You still should at least consider a vector here. If lookups are infrequent, you can just sort it and binary search it on demand (and just add new items at the end). There are cases when this is not good enough, but they really are surprisingly rare.

> And/or when the elements are prohibitively expensive reorder/move on insertions/deletions, or some other piece of code is known to keep direct references to the elements that should not be invalidated

In that case, why not store the elements in a unique_ptr (and then everything in a vector)?

> Especially not in cases that are not performance-sensitive at all. In such cases you're just increasing code complexity and obfuscating intent because of some ideological objection to using linked lists.

Fully agreed - if you are sure that it cannot possibly become performance relevant and a list has the right interface, use it. For example, when the number of items is fundamentally tiny (e.g. one item per dimension of your 3D data) and the thing you'll do with the list item will be complex (or infrequent) anyway so that a few pointer indirections are negligible.


>> You still should at least consider a vector here. If lookups are infrequent, you can just sort it and binary search it on demand (and just add new items at the end). There are cases when this is not good enough, but they really are surprisingly rare.

Well most of the time linked lists are used for things that have to be kept in some order that cannot (easily) be determined by a sorting predicate, and/or when re-sorting is not allowed.

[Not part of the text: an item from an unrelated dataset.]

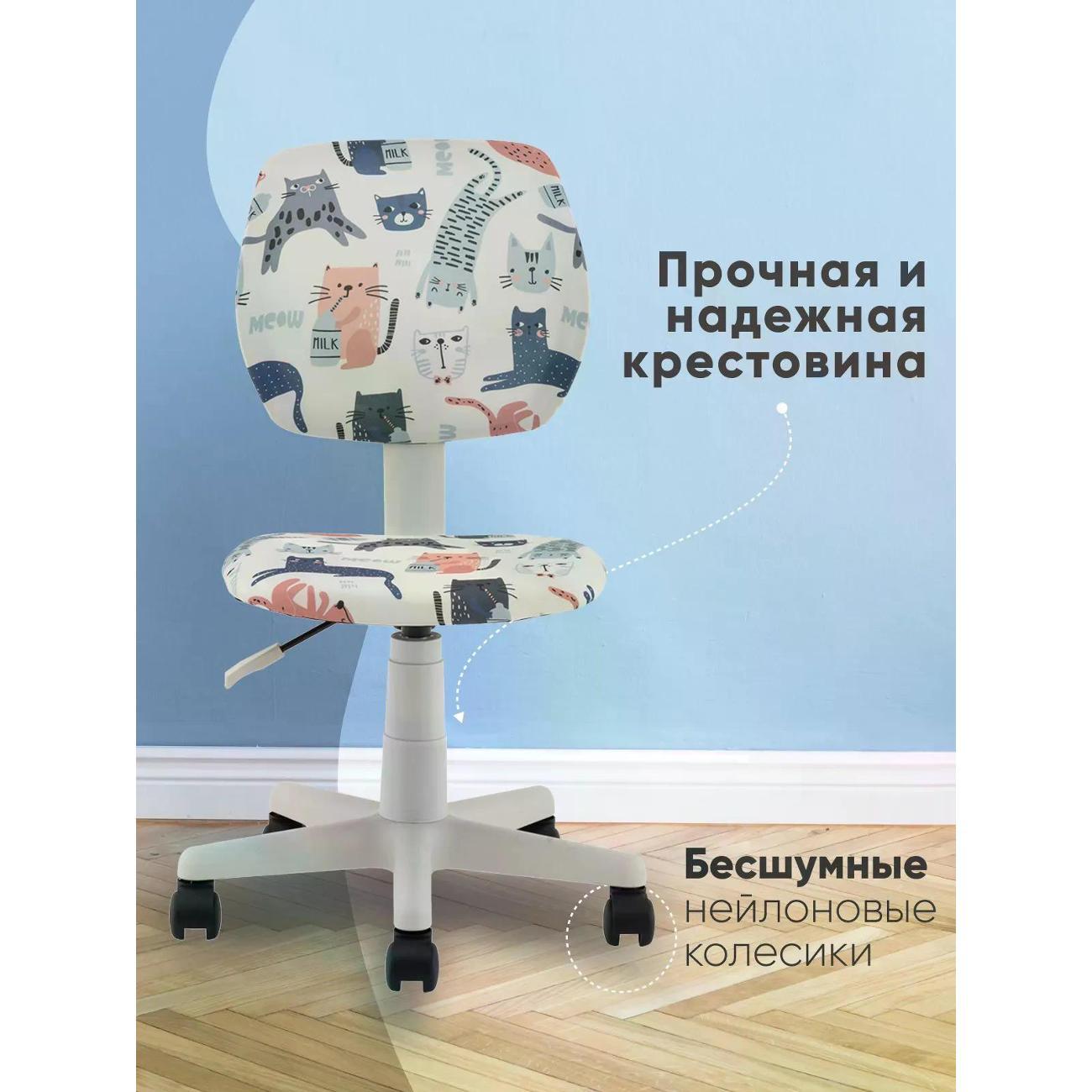Пружинно-винтовой механизм качания. Подлокотники и подголовник отсутствуют. Крестовина пластиковая, ролики из нейлона. Радиус пятилучья — 24,5 см.

>> In that case, why not store the elements in a unique_ptr (and then everything in a vector)?

But why? What's the benefit of doing that? The objects will still be scattered around the heap so iterating and dereferencing still trashes the cache, you lose benefits like not invalidating iterators on inserts/removals, and you complicate the code.

I'm not saying linked lists should be your go-to data structure, but IMO the 'linked lists are bad, dont use them' meme is a little overused.


>> or some other piece of code is known to keep direct references to the elements that should not be invalidated

> In that case, why not store the elements in a unique_ptr (and then everything in a vector)?

I recently ended up using std::list<Object*> because of pointer invalidation on vector resize. I see now that using smart pointers would have worked just as well. Thanks.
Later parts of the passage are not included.